If you suspect hard-disk damage, simply load the Recovery Console and get to the command prompt. Several available commands are specifically designed for correcting hard-disk corruption issues. For example, the chkdsk /f command is an all-purpose utility that will correct most common hard-disk corruption problems. You can also use the fixmbr command to repair the master boot record. Another handy command is fixboot, which will repair the hard disk's boot sector. Other more potentially destructive commands, such as format and fdisk, are also available.
Emergency Repair Disk
Another option available to you is the ERD. As you probably know, the ERD is created during the Setup process. It contains a backup copy of the BOOT.INI file, along with several critical Registry keys. Unfortunately, the ERD is useless unless you keep it updated, because the Registry is constantly updated as you make changes to the system.
If you have an up-to-date ERD, simply boot the system off the Windows 2000 boot floppies. When you reach the point at which Setup asks if you want to set up Windows 2000 or repair an existing installation, choose the repair option and follow the prompts. Before the repair process begins, you'll be asked if you want to use a fast repair or a manual repair:
- A fast repair automatically updates some key system files, the Registry, the boot sector, and the startup environment.
- A manual repair is most useful when you already know what's wrong with the system and you don't want to overwrite anything you don't have to.
A Full Restore
I always hesitate to use the full-restore option, because you'll lose any data added to the server since the last backup. However, if you have determined that all of the system's hardware is OK, but you still can't get the system to work, restoring from backup may be your last option.

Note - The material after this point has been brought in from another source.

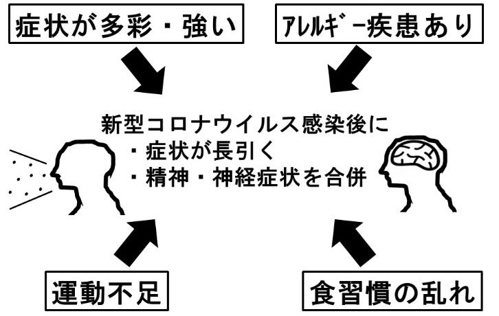 新型コロナウイルス感染後、急性期を過ぎても症状が長引く場合、または精神・神経症状を合併した場合には、日常生活への支障が大きくなります。しかしこれらの症状に対しては、未だに対症療法が主に行われており、時間の経過とともに自然治癒するのを辛抱強く待つしかありません。本研究の結果から、運動習慣や健康的な食習慣への改善によっても、長いびく症状や精神・神経症状を予防できる可能性が高いことが明らかになりました(図6)。また、感染後に強く多彩な症状を呈したり、もともとアレルギー疾患があったりする場合には、症状の長期化や精神・神経症状の合併を予測することもできます(図6)。新しい治療薬を開発する以外にも、病態生理にもとづき、日常生活の中で実践可能な予防手段を考えていくことも、医療従事者にとって大切な務めであるといえます。

Unfortunately, you can't restore a backup unless Windows 2000 is functional. Therefore, you should format your hard disk and load Windows 2000 from scratch. During this reload, you should load Windows 2000 on a standalone server that isn't a domain controller or a part of a domain. You should also load Windows into a different directory than usual, to avoid interfering with the copy you're about to restore. Once you've loaded this temporary copy of Windows, you can restore your backup. Make sure you restore the System State data along with the usual files. Once the restore has completed, reboot the server. You should now have a functional server. When you're done, you can delete the temporary copy of Windows.